----- MATERIAL SHOWN -----

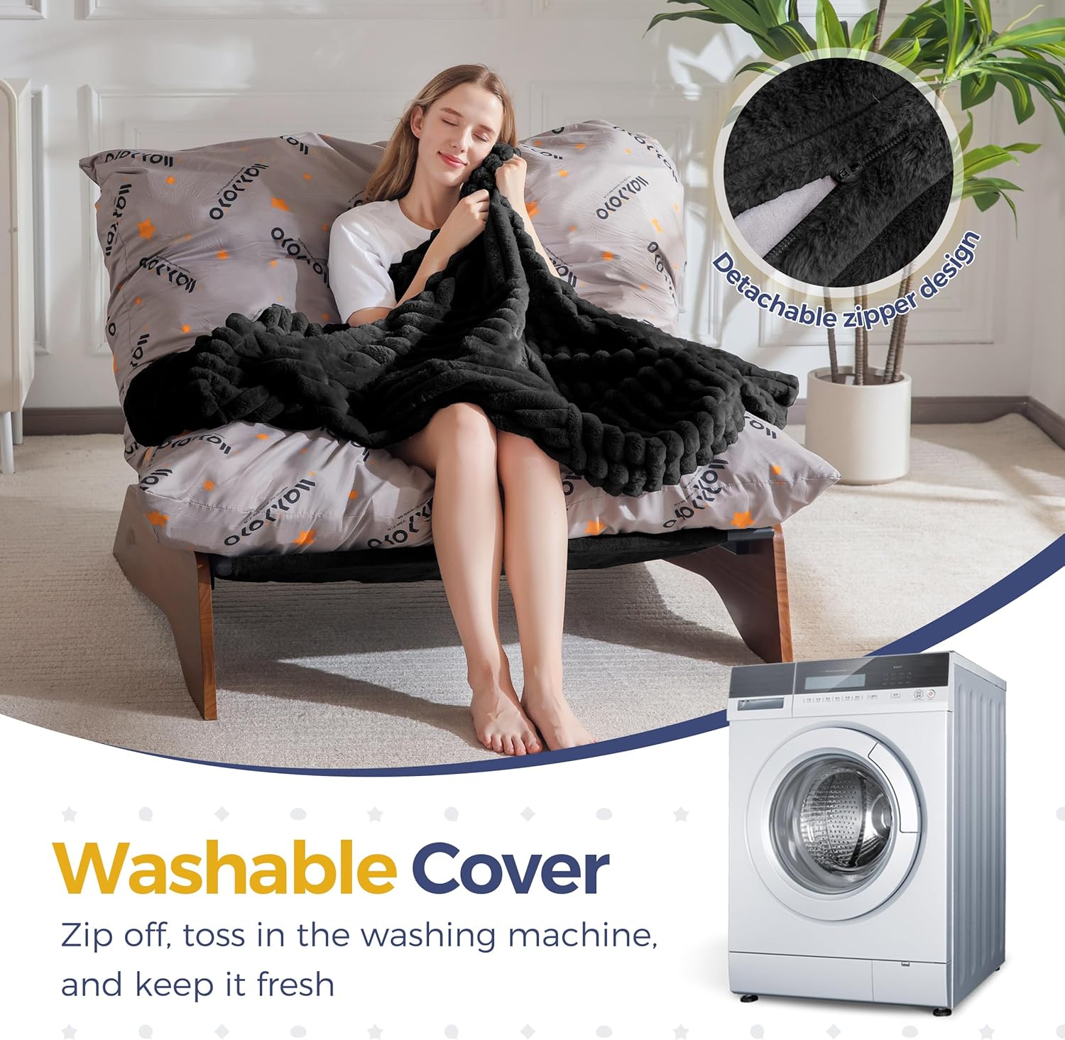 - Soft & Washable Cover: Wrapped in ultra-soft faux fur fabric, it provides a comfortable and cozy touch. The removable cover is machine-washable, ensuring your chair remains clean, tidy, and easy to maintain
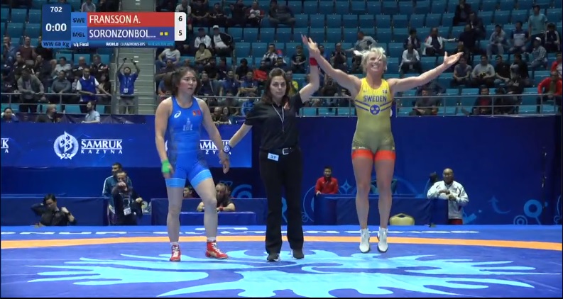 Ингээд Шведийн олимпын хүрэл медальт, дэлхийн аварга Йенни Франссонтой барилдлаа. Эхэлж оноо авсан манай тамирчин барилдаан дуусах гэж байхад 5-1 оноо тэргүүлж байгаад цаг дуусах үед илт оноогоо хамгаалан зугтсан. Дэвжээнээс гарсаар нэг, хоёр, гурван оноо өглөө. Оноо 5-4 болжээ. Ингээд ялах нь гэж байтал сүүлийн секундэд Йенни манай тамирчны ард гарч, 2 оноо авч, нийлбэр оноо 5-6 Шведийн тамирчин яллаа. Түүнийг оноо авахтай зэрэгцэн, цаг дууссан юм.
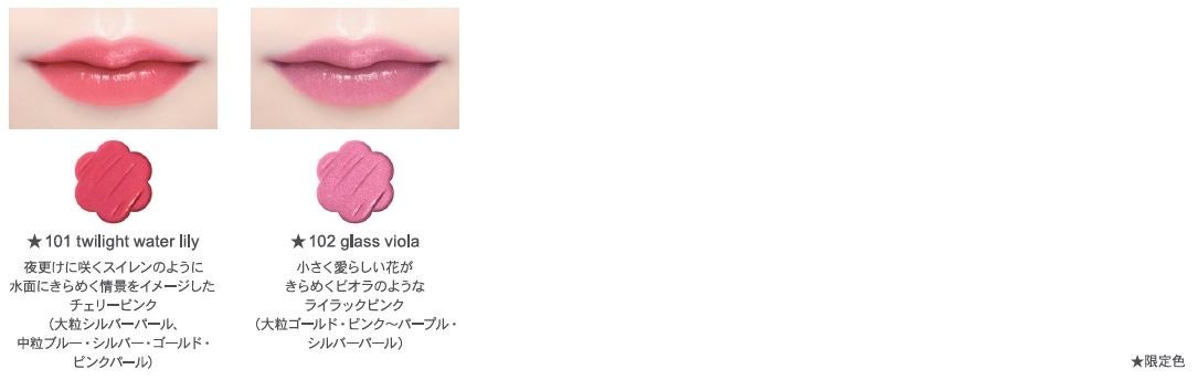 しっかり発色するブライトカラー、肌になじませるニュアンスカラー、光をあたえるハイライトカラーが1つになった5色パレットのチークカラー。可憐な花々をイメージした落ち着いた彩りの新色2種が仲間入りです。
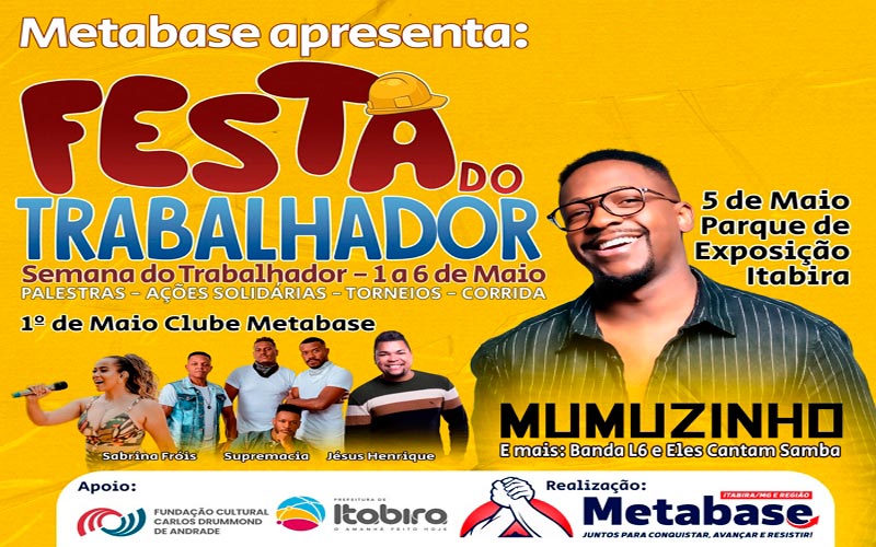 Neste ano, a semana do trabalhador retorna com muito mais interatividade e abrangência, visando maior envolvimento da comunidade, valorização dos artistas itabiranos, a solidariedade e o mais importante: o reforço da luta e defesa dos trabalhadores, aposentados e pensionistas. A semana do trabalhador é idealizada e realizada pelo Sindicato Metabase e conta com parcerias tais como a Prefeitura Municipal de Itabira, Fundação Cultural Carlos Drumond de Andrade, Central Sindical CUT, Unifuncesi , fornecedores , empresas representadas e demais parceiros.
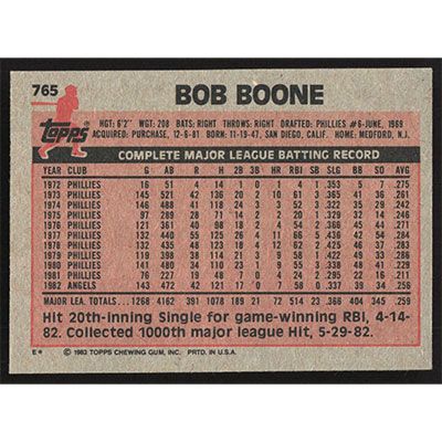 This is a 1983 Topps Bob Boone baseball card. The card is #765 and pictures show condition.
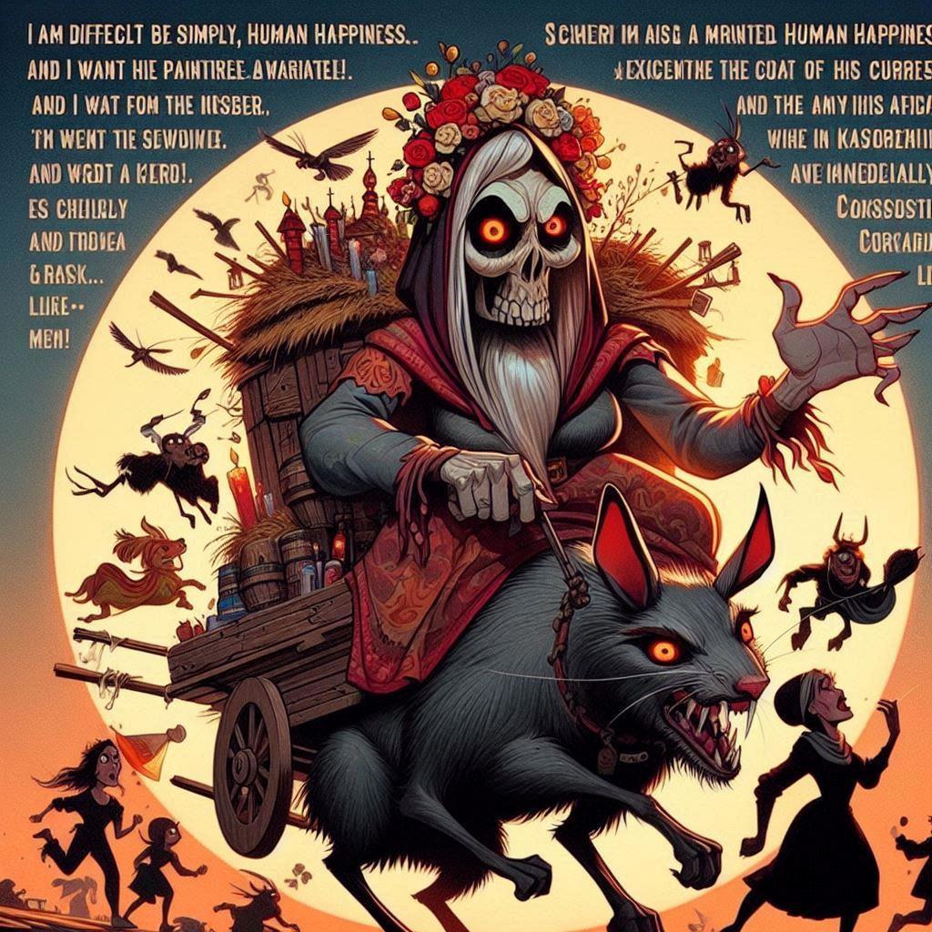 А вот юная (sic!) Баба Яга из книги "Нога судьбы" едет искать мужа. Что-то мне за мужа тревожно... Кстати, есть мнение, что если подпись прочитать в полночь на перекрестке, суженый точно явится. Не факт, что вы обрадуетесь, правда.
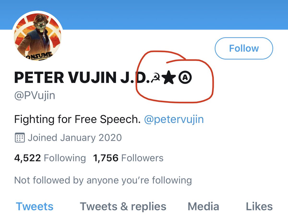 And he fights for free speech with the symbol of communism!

-----

### [WHAT YOU NEED TO DO]
Leave out the pictures and copy exactly the lines from the one with "А вот юная (sic!)" through the last line of the records above.

### [ANSWER BELOW]
 А вот юная (sic!) Баба Яга из книги "Нога судьбы" едет искать мужа. Что-то мне за мужа тревожно... Кстати, есть мнение, что если подпись прочитать в полночь на перекрестке, суженый точно явится. Не факт, что вы обрадуетесь, правда.
 And he fights for free speech with the symbol of communism!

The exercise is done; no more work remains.